*The data*
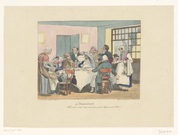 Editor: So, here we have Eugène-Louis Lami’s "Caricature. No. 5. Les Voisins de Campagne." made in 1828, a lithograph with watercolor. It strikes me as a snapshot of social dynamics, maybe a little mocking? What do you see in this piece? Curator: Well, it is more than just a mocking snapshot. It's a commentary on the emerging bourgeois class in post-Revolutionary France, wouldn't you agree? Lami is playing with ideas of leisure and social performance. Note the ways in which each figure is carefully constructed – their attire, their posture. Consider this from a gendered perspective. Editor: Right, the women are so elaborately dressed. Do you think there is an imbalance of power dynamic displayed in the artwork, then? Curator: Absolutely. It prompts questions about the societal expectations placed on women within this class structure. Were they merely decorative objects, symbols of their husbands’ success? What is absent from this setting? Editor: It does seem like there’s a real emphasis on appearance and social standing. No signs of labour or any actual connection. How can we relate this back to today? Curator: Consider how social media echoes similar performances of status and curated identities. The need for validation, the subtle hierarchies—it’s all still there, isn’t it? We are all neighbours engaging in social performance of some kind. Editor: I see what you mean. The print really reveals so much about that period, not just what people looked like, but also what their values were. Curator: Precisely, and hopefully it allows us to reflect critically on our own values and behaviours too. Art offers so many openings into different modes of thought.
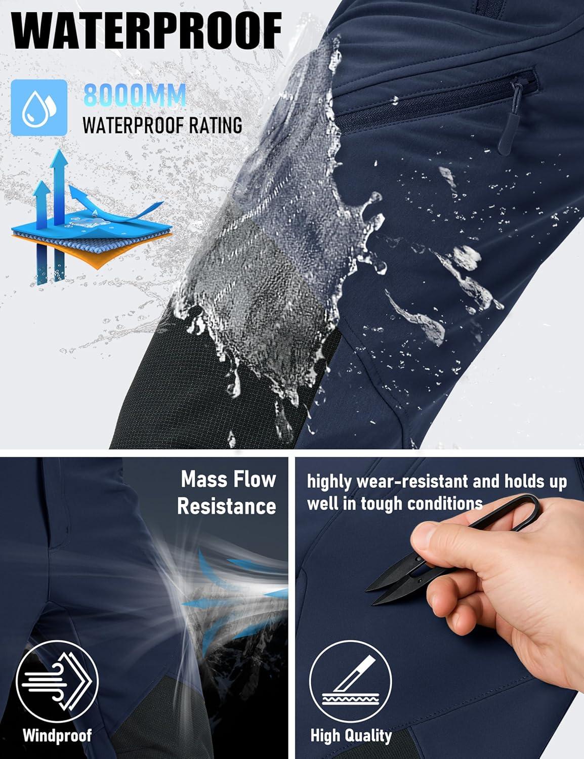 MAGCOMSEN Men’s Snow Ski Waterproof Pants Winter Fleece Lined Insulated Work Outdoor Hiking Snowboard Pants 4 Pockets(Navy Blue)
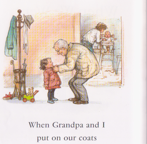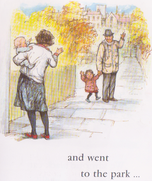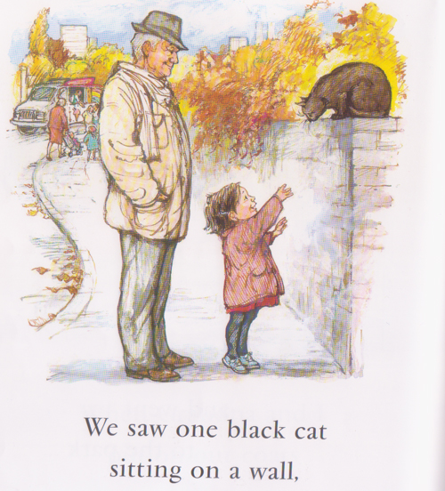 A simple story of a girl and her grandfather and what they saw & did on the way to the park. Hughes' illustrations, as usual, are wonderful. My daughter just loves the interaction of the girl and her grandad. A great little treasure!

*Problem to solve*
Starting with the line that contains "MAGCOMSEN Men’s Snow", give the lines again exactly as they appear through the last line of the data, pictures excluded.

*Exercise answer*
 MAGCOMSEN Men’s Snow Ski Waterproof Pants Winter Fleece Lined Insulated Work Outdoor Hiking Snowboard Pants 4 Pockets(Navy Blue)
 A simple story of a girl and her grandfather and what they saw & did on the way to the park. Hughes' illustrations, as usual, are wonderful. My daughter just loves the interaction of the girl and her grandad. A great little treasure!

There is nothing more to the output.